Lets see, I went to BANK OF AMERICA with my TAX RETURN to open an account. They refused and demanded I deposit $200 cash. So I asked them to cash my return and they wanted $5 for non member service. I walked over to CITIBANK where I had a C/C ( transferred when they bought an old bank's accounts) and they refused, but said I could apply it to my C/C balance ( ZERO at the time.) Eventually I found a neat independant bank. Then one day a sign went up they were bought by CITIBANK but I'd see the same friendly faces. The friendly faces began to disappear. One teller and I had a flirt going and I'd deliberately let other customers go ahead so I could talk with her. The new Manager, a vietnamese dragonlady right out of a Steve Canyon comic got angry and started swearing in Vietnamese. I started swearing back in vietnamese and she shut up. I exchanged phone #s with my teller ( it was her last day, and she was the last " same friendly face") I went in the next day and closed the account. The bozo went through the perfunctory motions and handed my slip to me without even a word. I stood there. He looked up.YES? "Uh, it would be nice if you handed my $538. 25 along with the slip dude. That took another 20 minutes as they counted his drawer to confirm my story, which could be verified by the survelience tape I demanded to be sealed if they failed to pay me. And then there is WAMU with the prototype for Obama in polos dissing the tired old white men in suits.Like I've said, my $300 tax windfall is going into my Smith and Wesson retirement account and I'm going to go calling on these guys the day after I turn 65 and need a hobby. Another film I haven't mentioned in the movie thread is THE GREY FOX with Richard Farnsworth.


----------



## Relayer (Nov 9, 2005)

At my local bank branch (of Wachovia) the tellers are very cordial and always make a note to call me (and all customers) by their name when they finish the requested transaction. I know this is what they are instructed to do, but that's ok.

This is in Marietta, Ga, and I suspect that geographical location often has some affect on this issue.


----------



## The Gabba Goul (Feb 11, 2005)

Relayer said:


> At my local bank branch (of Wachovia) the tellers are very cordial and always make a note to call me (and all customers) by their name when they finish the requested transaction. I know this is what they are instructed to do, but that's ok.
> 
> This is in Marietta, Ga, and I suspect that geographical location often has some affect on this issue.


yeah...I'm with Wachovia now...like I said, I find them to be much more pleasant, although I've only been in there twice...hopefully they'll continue to be that way...


----------



## brokencycle (Jan 11, 2008)

marlinspike said:


> It happened when the banks started to get consolidated. Small local banks still tend to be pleasant, but then where's an ATM when you need one?


Doesn't bother me. I don't use ATMs or drive-thrus. When I'm dealing with money, I like to make that dealing in person (even though I frequently shop online).

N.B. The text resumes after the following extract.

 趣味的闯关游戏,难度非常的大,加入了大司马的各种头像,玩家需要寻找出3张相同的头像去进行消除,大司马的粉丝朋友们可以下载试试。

As for Wachoiva, I e-mailed them the other day because I was getting spam asking me to change my account to a better rate one (obviously a phisher because I don't have an account with Wachovia), so I e-mailed them letting them know to see if they might want the information to try and track the guy down, and I got an email response back explaining what phishing is. I know why they do that, but I'm sure all banks would have done the same.


----------



## ksinc (May 30, 2005)

My biggest complaint is that there are no bankers at branch banks anymore. My last banker was a lady at C&S bank before it was bought by Nations and later became BoA. Now they are just customer no-service associates.


----------



## marlinspike (Jun 4, 2007)

brokencycle said:


> Doesn't bother me. I don't use ATMs or drive-thrus. When I'm dealing with money, I like to make that dealing in person (even though I frequently shop online).


And what do you do when you're traveling in LA, DC, NYC, Dallas, Miami, and Chicago?


----------



## Rossini (Oct 7, 2007)

android said:


> Have you ever looked into joining a Credit Union? Most people are eligible in some way. Your money works for you and other members rather than shareholders. I'm actually a member of 3 different CUs, and I've found that usually they are much more responsive and friendly.

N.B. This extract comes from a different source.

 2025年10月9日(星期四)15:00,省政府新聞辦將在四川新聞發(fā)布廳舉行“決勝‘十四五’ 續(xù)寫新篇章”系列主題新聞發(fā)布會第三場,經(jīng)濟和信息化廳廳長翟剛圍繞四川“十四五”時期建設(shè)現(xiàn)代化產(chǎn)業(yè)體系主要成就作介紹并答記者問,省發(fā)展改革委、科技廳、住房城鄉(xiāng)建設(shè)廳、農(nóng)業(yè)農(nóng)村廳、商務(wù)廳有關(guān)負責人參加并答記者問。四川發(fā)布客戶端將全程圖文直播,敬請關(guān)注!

They are, quite literally, friendly societies.

I thought groups of Credit Unions in the US get together to share ATM networks and some back office functions? & can't they/don't they then interface to some of the bigger networks to give them wider ATM accessibility?


----------



## rgrossicone (Jan 27, 2008)

*Big Banks Suck*

I have my checking account, savings account and two mortgages with Citibank. My father has a few cd's, his savings account and checking account with them as well. I do have the convenience of having one two blocks from my apartment, but I still find myself using other ATM's and paying fees. As a city worker my checking account is also free, but when it comes to service, they are horrendous, especially over the phone.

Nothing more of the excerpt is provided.